After importing these libraries we will specify the path for the data directory and also for test data and train data.

data_dir = 'PATH TO DATA' 
os.listdir(data_dir)  
test_p = data_dir+'/test_set/'
train_p = data_dir+'/training_set/'

We need to make sure that all the images have same have dimensions and for that we would be first initialising two empty arrays where would be storing the dimensions of each image and then finally check if all the dimensions are same.

dimension1 = []
dimension2 = []
for i_file in os.listdir(test_p+'cats'):
	img= imread(test_p+'cats/'+i_file)
	x,y,colors = img.shape
	dimension1.append(x)
	dimension2.append(y)

In order to get the same dimensions for all the images we would use the concept of np.mean() to calculate the mean value and apply it to every image in the image_shape variable that we have defined. . One thing that you should be familiar with is that the last parameter of image_shape which we have defined as 3, it basically means that we have colored images also which are made of the RGB. In case we are working with black and white images, we would have gone for 1.

print(np.mean(dimension1))
print(np.mean(dimension2)) 
image_shape = (math.ceil(np.mean(dimension1)),math.ceil(np.mean(dimension2)),3)

We also want to make sure that our final model should be tough enough to deal with the situations where it hasn't seen a particular image before and for that purpose we will be using the technique of data manipulation which includes resizing , rotating and scaling our images.
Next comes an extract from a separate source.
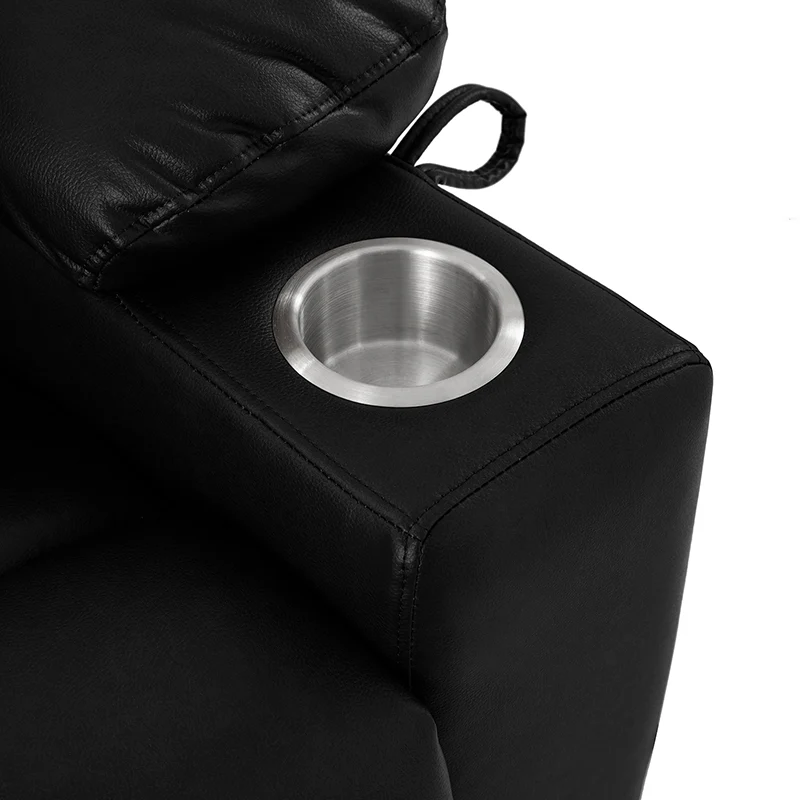 Practical features include two cup holders for convenient access to beverages, armrest storage with built-in USB and type-C ports for charging electronic devices, and ample space for storing a small blanket. Side pockets provide additional storage options. The extended footrest is designed to reduce heel pressure, accommodating even users taller than 6 feet. The hand controller, featuring a hanging strap, ensures easy access.

For this purpose we would be using ImageDataGenerator. This would us allow to generate more data automatically without having to grab more data from different sources.

image_gen =
ImageDataGenerator(rotation_range=10,width_shift_range=0.10,height_shift_range=0.10,rescale=1/255)
print(image_gen.flow_from_directory(train_p))
print(image_gen.flow_from_directory(test_p))

The first parameter which we have defined is the rotation_range which allows us to rotate the images up to a certain limit. We also used width_shift_range feature which will shift the width of the picture by some specified percentage and height_shift_range which will stretch out the images . Finally in order to rescale the images we used the rescale feature which is responsible for rescaling the images to values between 0 and 1 if we had values between 1 and 255. Now there are other features also such as zoom_range which could zoom into the image and sheer_range which would help us in cutting off a portion of the image.

We can have a look at it by call random_transform() on the image_gen. For the next step we already have all the images in different folders representing each class, so we could go ahead with flow_from_directory() which is responsible for generating batches of the augmented data.

Training Phase

Finally, we can now define and train our model. To start with this, we will have to define the type of model and in this case we are going to use the Sequential model from Keras which is just a list of layers we define.

model = Sequential()

After specifying the model, we will start inserting the layers. First of all we will add a Conv2D layer where we four main parameters:

filters: The common way to predict the filter is the complexity of the tasks that your are performing. This is generally in the power of 2 i.e. 32, 64, 128 etc. For now we will go with 32.
kernel_size: It also depends on the type of the data you are performing on. A typical recommendation is to start with (4,4).
input_shape: This determines the shape of the input image and we will assign the image_shape variable which we had defined earlier.
activation: We need to specify the activation function we are gonna use and for this purpose we will use 'relu' which is Rectified Linear Unit.

Next layer would be MaxPool2D() where we have only one parameter to define which is pool size.

model.add(Conv2D(filters=32, kernel_size=(3,3),input_shape=image_shape, activation='relu',))
model.add(MaxPooling2D(pool_size=(2, 2)))
model.add(Conv2D(filters=64, kernel_size=(3,3),input_shape=image_shape, activation='relu',))
model.add(MaxPooling2D(pool_size=(2, 2)))
model.add(Conv2D(filters=64, kernel_size=(3,3),input_shape=image_shape, activation='relu',))
model.add(MaxPooling2D(pool_size=(2, 2)))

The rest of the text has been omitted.